1. UN FAMOSO ASTRÓLOGO

Un famoso astrólogo, hallándose un día con el Rey en la terraza de palacio, viose precisado a contestar a esta pregunta que le hizo el soberano:

- ¿A qué altura estamos en este sitio?

El astrólogo miró al cielo y dijo una cifra. Luego el Rey dio secretas órdenes para que con sigilo se levantara el suelo de la terraza tres o cuatro dedos, y toda la noche fue necesaria para dejar concluida la faena, y a la mañana siguiente llamó el Rey al astrólogo y, llevándole a la terraza, le dijo:

- Hablando yo anoche de lo que vos me dijisteis por la tarde cuando estuvimos aquí, me aseguraron que os engañabais.

Y el astrólogo contestó:

- Señor, me atrevo a pensar que dije lo cierto.

A lo cual replicó el Rey:

- Pensadlo bien, y si estáis convencido, luego nos burlaremos de los que contradicen vuestras afirmaciones, creyéndose más hábiles que vos.

El astrólogo empezó nuevamente a observar, y el Rey, viéndole preocupado, preocupóse también. Al cabo de unos momentos, el astrólogo dijo:

- Señor, lo que ayer afirmé cierto era; pero no es menos cierto que ahora resulta falso, porque o la terraza se levantó esta noche o el cielo ha bajado.

El Rey sonrió y refirióle la verdad, con lo cual uno y otro quedaron satisfechos.

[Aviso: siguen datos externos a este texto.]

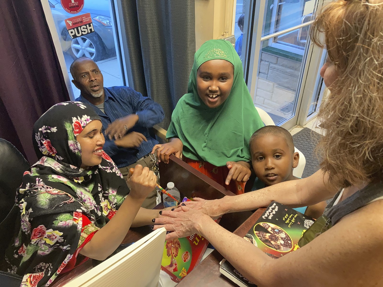 Foos had henna designs on her hands which I admired. She said something to Mushtak in Somali. Before I knew what was happening, Mushtak had brought henna and Foos was globbing black gelatinous dollops on my fingernails. She said I needed to wait a half-hour before washing it off. In the meantime, Foos shot Snapchat videos. A woman in a town of 2,500 made fish lips and batted her eyes at her 19,000 followers.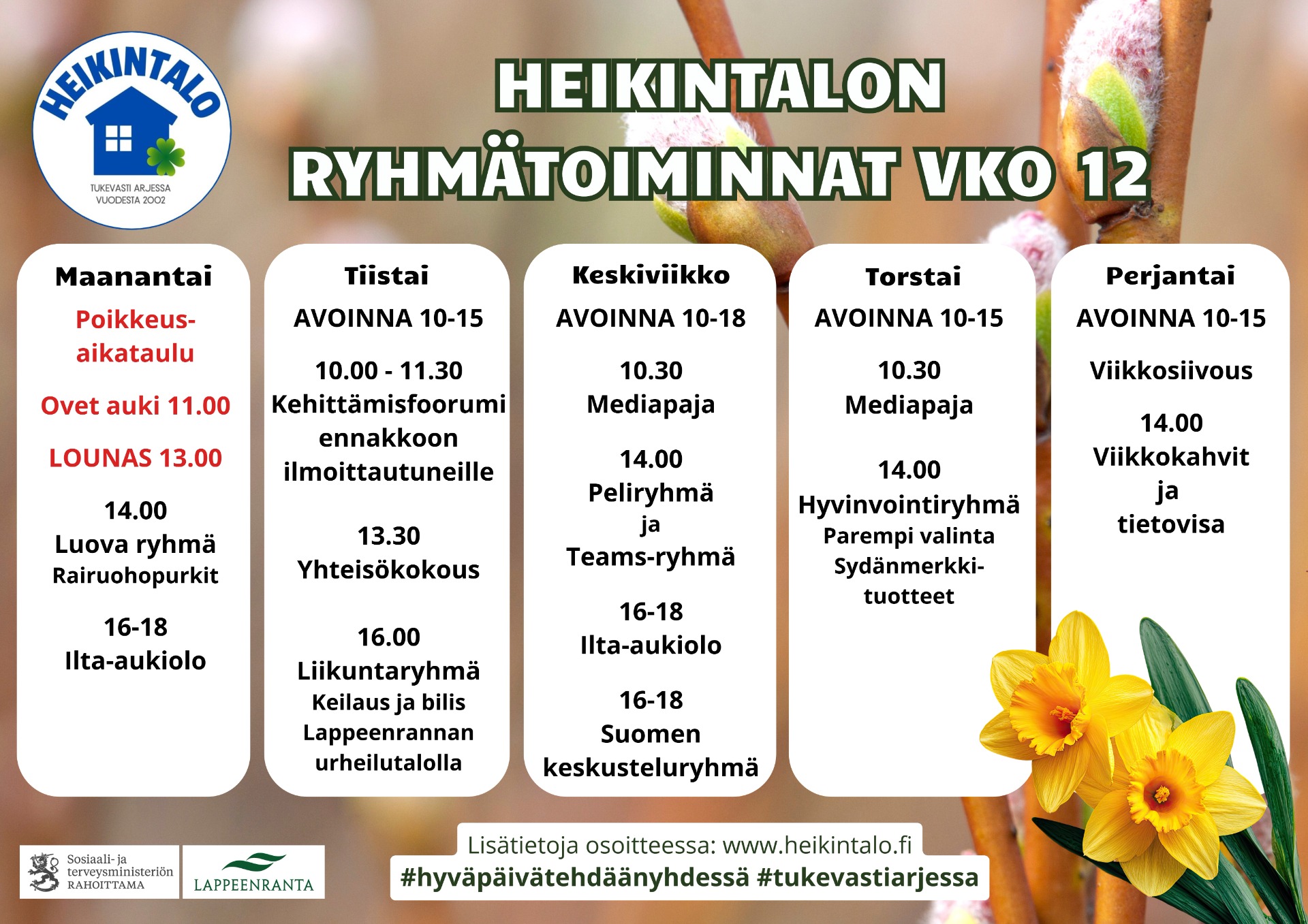 YHTEYDENPITO toimintaan osallistujiin ma-pe puheluin, tekstiviestein, WhatsAppilla ja sähköpostitse.

2. EN LA CAPILLA DE NUESTRA SEÑORA DE LA ALMUDENA

En la capilla de Nuestra Señora de la Almudena [Madrid], hay una Virgen que, al decir de las gentes, fue traída de Jerusalén por Santiago, que la escondió en una torre de la muralla. Cuando los moros sitiaron la Villa, encontrándose sus habitantes reducidos a un hambre feroz, deliberaron para decidir la manera de rendirse; pero alguno fue a la torre donde la Virgen estaba escondida y la encontró llena de trigo. Tal abundancia no podía originarse más que por un milagro, y el pueblo, satisfecho, envalentonóse defendiéndose con tal denuedo, que los moros tuvieron que retirarse fatigados y sin esperanzas. Descubrióse la imagen y construyeron para venerarla una capilla en cuyas paredes pintaron al fresco las escenas que acabo de relatar.

3. PRENDIÓSE HACE POCO

Prendióse hace poco en las cercanías de palacio a una de las más hermosas cortesanas de Madrid disfrazada de hombre, la cual había herido a su amante imaginando que la despreciaba injustamente; habiéndola encontrado el amante, reconociéndola por la voz, y por el modo de esgrimir la espada, no quiso emplear la suya para defenderse, y abriendo su jubón, le ofreció el pecho desnudo para que se vengara. Creía, sin duda, que no estaba ella bastante colérica para hacerlo en tales circunstancias, pero equivocóse de medio a medio, porque acercándose más la dama, le atravesó haciéndole caer muy mal herido; viendo correr la sangre y creyendo al amante muerto, arrojóse al suelo dando gritos espantosos, arañándose la cara y arrancándose los cabellos; las gentes que pasaban, amontonándose a su alrededor, comprendieron que quien tales extremos hacía era una mujer disfrazada; la justicia llegó y la detuvo, pero algunos caballeros que pasaban en aquel momento contaron lo que acababa de suceder al Rey, que demostró deseo de hablar a la dama, para lo cual ésta fue introducida en el palacio.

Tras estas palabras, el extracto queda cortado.